Beginning with the line containing "株式会社日本アクセス(所在地", write out each line exactly through the end of the listing, and skip all pictures.

[Recorded data]:
________________
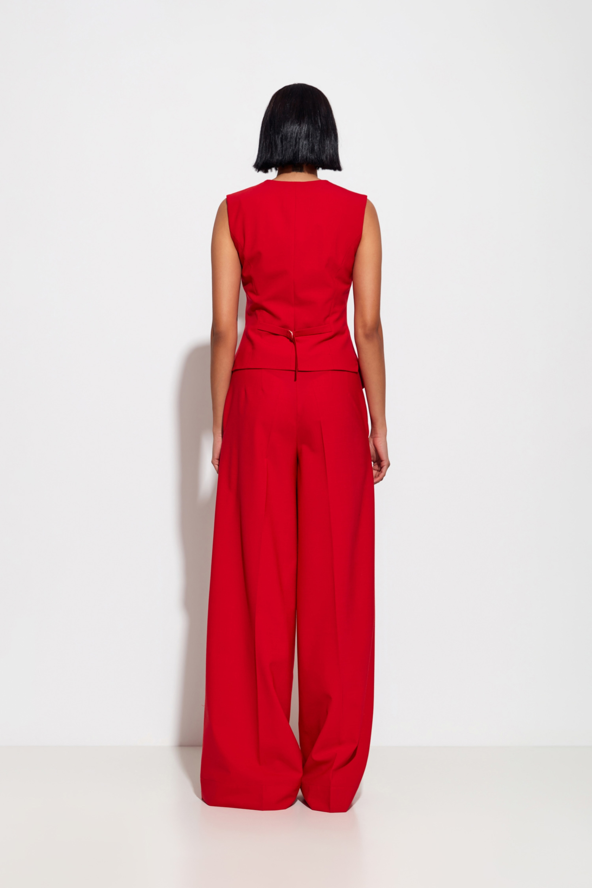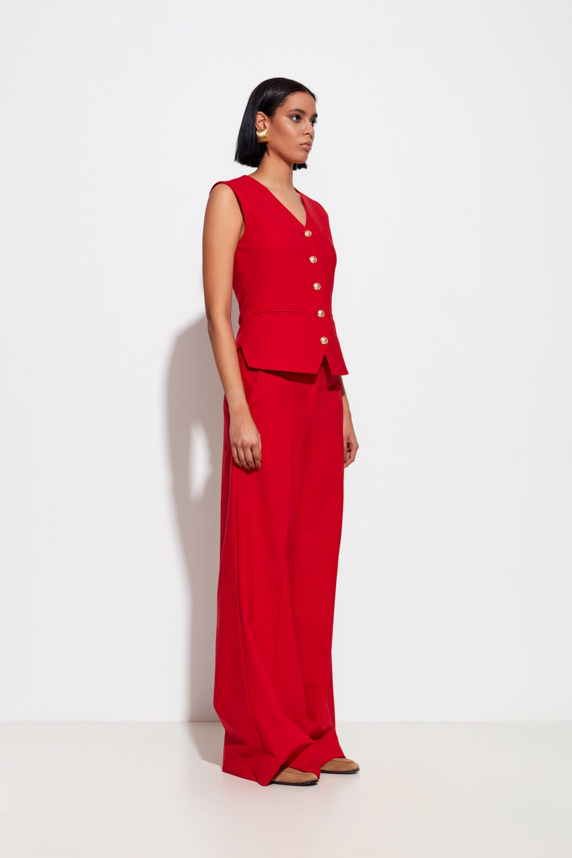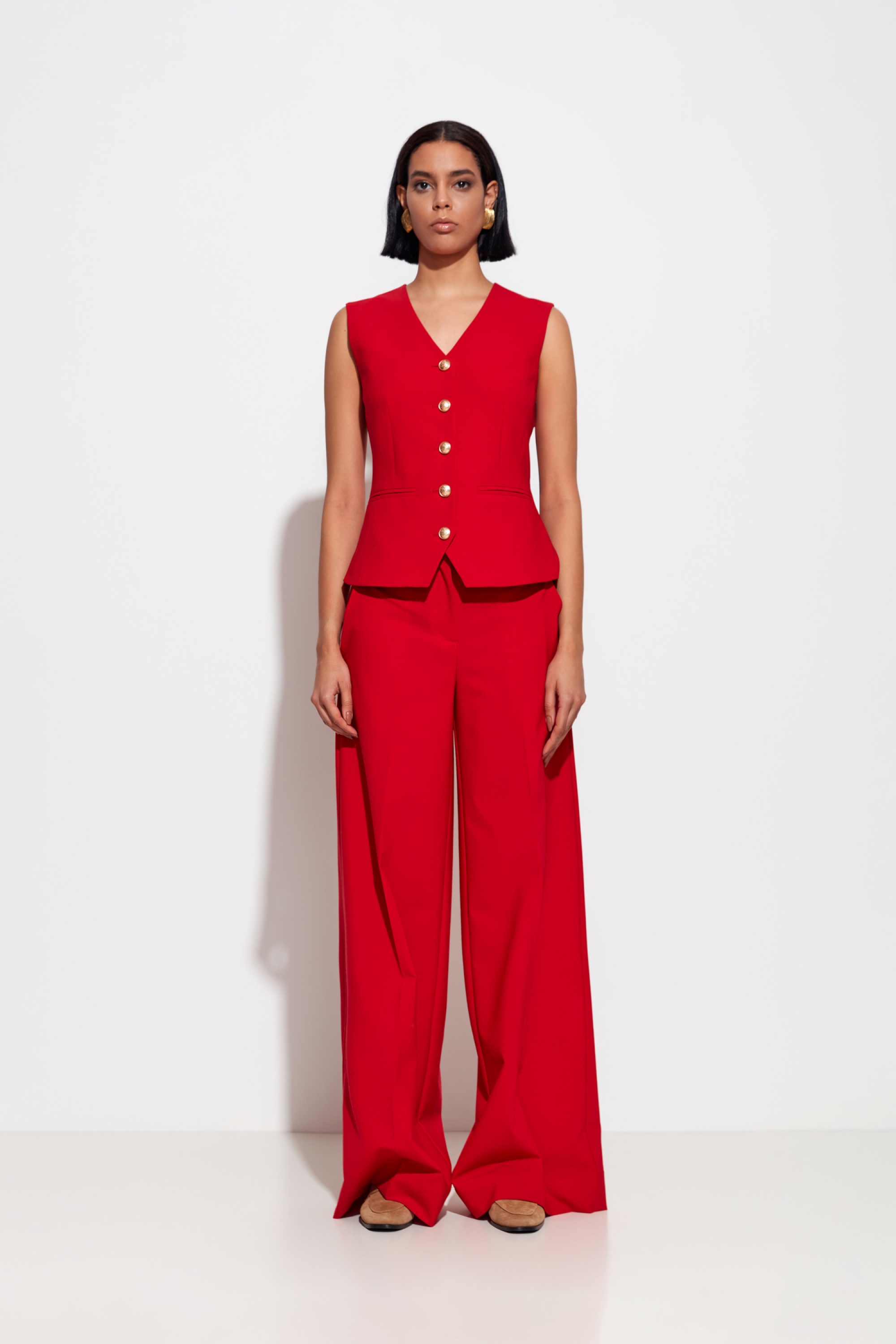 Красные брюки с шерстью в составе Lakbi — это воплощение элегантного минимализма и практичности. Модель выполнена из качественной костюмной ткани, обеспечивающей комфорт, идеальную посадку и презентабельный внешний вид. Брюки обладают прямым силуэтом с четкими линиями, которые визуально удлиняют ноги и подчеркивают фигуру.
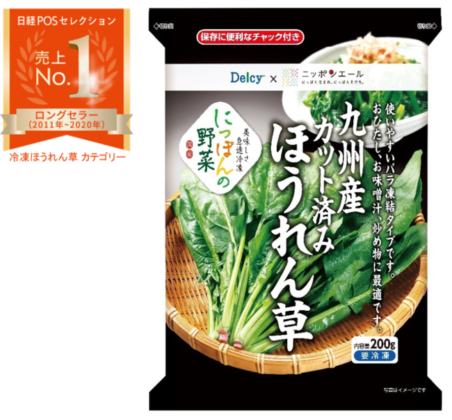 株式会社日本アクセス(所在地:東京都品川区、代表取締役:佐々木淳一、以下:当社)が発売するDelcy「九州産カット済みほうれん草200g」が、日本経済新聞社が発表した「日経POSセレクション2021『ロングセラー』」において、冷凍ほうれん草カテゴリーで売上No.1として選出されました。今後も品質管理につとめ、お客様から愛される製品づくりを心掛けてまいります。
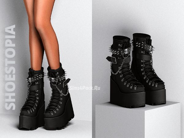 Крутейшие готические боты на платформе с цепями и шипами в 1 цветовом варианте. Для корректной работы допа НЕОБХОДИМ слайдер-мод для высоких каблуков CAS Feet Up Boots Heels Slider 01 (ссылка под описанием в поле Mesh). Доступно для женщин.
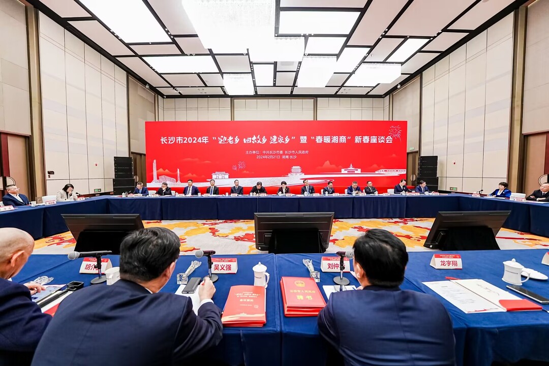 2月21日上午,长沙市2024年“迎老乡 回故乡 建家乡”暨“春暖湘商”新春座谈会举行。
________________
[Task result]:
 株式会社日本アクセス(所在地:東京都品川区、代表取締役:佐々木淳一、以下:当社)が発売するDelcy「九州産カット済みほうれん草200g」が、日本経済新聞社が発表した「日経POSセレクション2021『ロングセラー』」において、冷凍ほうれん草カテゴリーで売上No.1として選出されました。今後も品質管理につとめ、お客様から愛される製品づくりを心掛けてまいります。
 Крутейшие готические боты на платформе с цепями и шипами в 1 цветовом варианте. Для корректной работы допа НЕОБХОДИМ слайдер-мод для высоких каблуков CAS Feet Up Boots Heels Slider 01 (ссылка под описанием в поле Mesh). Доступно для женщин.
 2月21日上午,长沙市2024年“迎老乡 回故乡 建家乡”暨“春暖湘商”新春座谈会举行。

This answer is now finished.